§ **Requirement**
The lines to be extracted run from the start of the listing through the line containing "Três esculturas de"; copy them exactly and nothing else.

§ **Material for the task**
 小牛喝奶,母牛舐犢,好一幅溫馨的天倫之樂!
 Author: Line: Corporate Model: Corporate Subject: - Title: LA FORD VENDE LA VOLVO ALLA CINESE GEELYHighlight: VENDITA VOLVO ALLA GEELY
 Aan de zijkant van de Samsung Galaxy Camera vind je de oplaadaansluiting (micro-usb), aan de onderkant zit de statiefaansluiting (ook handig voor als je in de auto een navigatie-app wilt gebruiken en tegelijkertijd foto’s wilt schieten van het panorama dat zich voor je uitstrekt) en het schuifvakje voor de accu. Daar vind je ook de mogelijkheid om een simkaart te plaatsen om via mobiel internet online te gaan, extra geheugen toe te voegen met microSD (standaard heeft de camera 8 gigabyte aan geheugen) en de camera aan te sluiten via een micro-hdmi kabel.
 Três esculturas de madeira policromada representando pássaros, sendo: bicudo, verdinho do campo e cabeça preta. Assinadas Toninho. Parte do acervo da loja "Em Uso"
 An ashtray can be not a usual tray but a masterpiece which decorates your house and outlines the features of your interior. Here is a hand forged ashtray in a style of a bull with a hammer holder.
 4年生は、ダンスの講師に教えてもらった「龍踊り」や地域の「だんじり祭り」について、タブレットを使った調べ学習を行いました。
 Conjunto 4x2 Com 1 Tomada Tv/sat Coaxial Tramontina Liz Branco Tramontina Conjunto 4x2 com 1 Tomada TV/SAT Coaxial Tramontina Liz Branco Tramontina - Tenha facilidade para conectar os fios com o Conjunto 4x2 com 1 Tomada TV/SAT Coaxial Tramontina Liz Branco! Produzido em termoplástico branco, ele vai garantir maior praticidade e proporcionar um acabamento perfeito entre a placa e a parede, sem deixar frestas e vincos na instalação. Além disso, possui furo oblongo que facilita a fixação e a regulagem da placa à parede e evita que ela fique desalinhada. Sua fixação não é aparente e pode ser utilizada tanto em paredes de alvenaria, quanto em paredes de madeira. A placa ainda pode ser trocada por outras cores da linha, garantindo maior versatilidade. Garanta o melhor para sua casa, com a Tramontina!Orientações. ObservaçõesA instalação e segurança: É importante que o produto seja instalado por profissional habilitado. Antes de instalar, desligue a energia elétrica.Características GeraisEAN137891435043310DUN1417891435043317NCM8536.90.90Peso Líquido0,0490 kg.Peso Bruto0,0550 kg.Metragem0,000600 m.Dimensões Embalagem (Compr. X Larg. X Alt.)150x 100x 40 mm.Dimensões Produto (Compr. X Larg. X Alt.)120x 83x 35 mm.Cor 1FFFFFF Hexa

§ **Answer to this task**
 小牛喝奶,母牛舐犢,好一幅溫馨的天倫之樂!
 Author: Line: Corporate Model: Corporate Subject: - Title: LA FORD VENDE LA VOLVO ALLA CINESE GEELYHighlight: VENDITA VOLVO ALLA GEELY
 Aan de zijkant van de Samsung Galaxy Camera vind je de oplaadaansluiting (micro-usb), aan de onderkant zit de statiefaansluiting (ook handig voor als je in de auto een navigatie-app wilt gebruiken en tegelijkertijd foto’s wilt schieten van het panorama dat zich voor je uitstrekt) en het schuifvakje voor de accu. Daar vind je ook de mogelijkheid om een simkaart te plaatsen om via mobiel internet online te gaan, extra geheugen toe te voegen met microSD (standaard heeft de camera 8 gigabyte aan geheugen) en de camera aan te sluiten via een micro-hdmi kabel.
 Três esculturas de madeira policromada representando pássaros, sendo: bicudo, verdinho do campo e cabeça preta. Assinadas Toninho. Parte do acervo da loja "Em Uso"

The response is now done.